Despite the drop in sales and operating profit, “Benetton was able to achieve a rise in net profit because of a successful foreign exchange hedging program,” said Paul Gordon, an analyst for IMI Sigeco.
Also, for the first time Benetton’s net debt dropped to zero last year; at the same time, cash on hand hit $80.1 million (133 billion lire).
Commenting on the results, Gilardi said, “We’re very happy that net profit rose despite last year’s strong lira. We’re also excited about the cash reserves, which we are considering using to acquire a new company.”

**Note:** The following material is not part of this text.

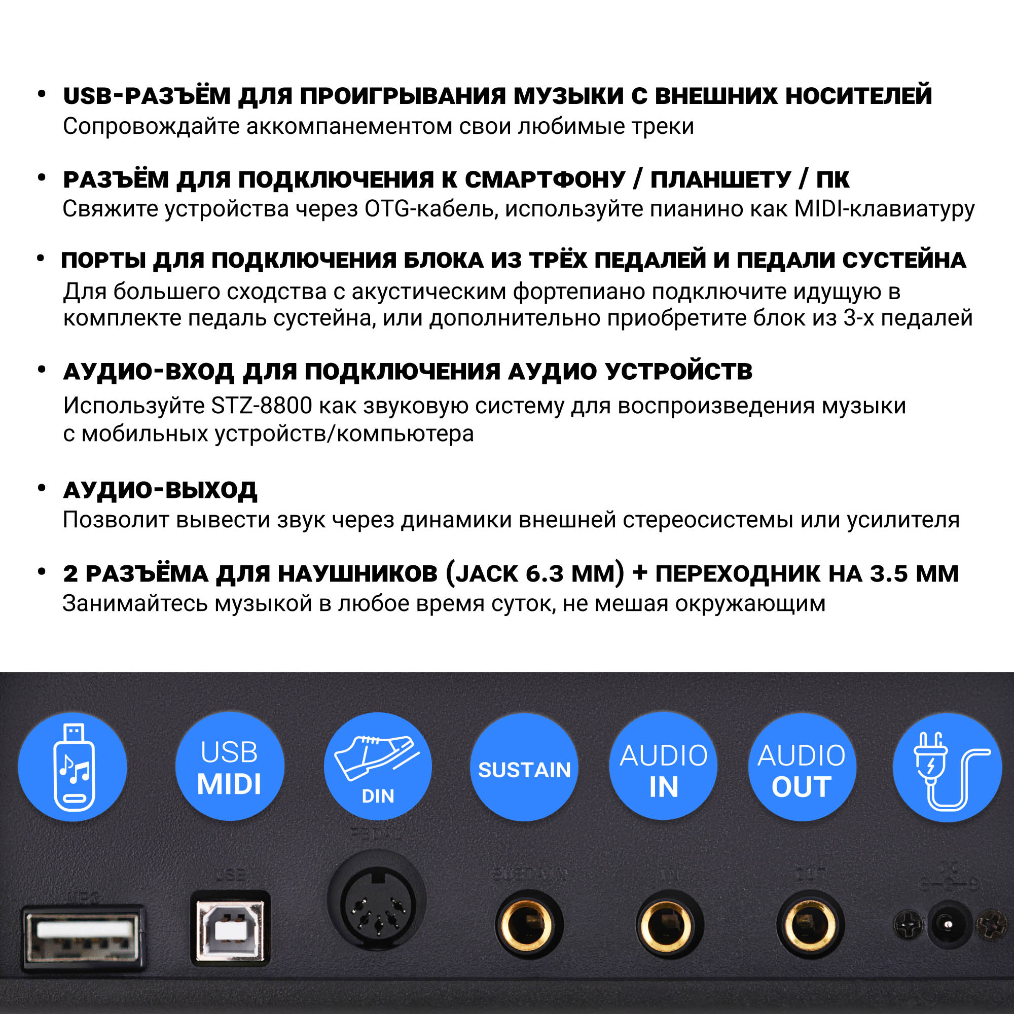 Разъемы: USB (flash), USB-MIDI, разъем для подключения педали, аудио вход, аудио выход, выход на наушники, разъем подключения питания (12В, 3А).

Gilardi said Benetton was looking at a number of possible acquisitions; one of them is Benetton Sportsystem, which is wholly controlled by Edizione Holding SpA, the Benetton family’s holding company.
Benetton Sportsystem controls or holds majority stakes in sports equipment companies including Nordica, Prince and Rollerblade. Its sales in 1995 came to approximately $843 million (1.4 trillion lire).
Gordon observed that Benetton’s results in general, and especially the cash on hand, showed the company was “supremely efficient.”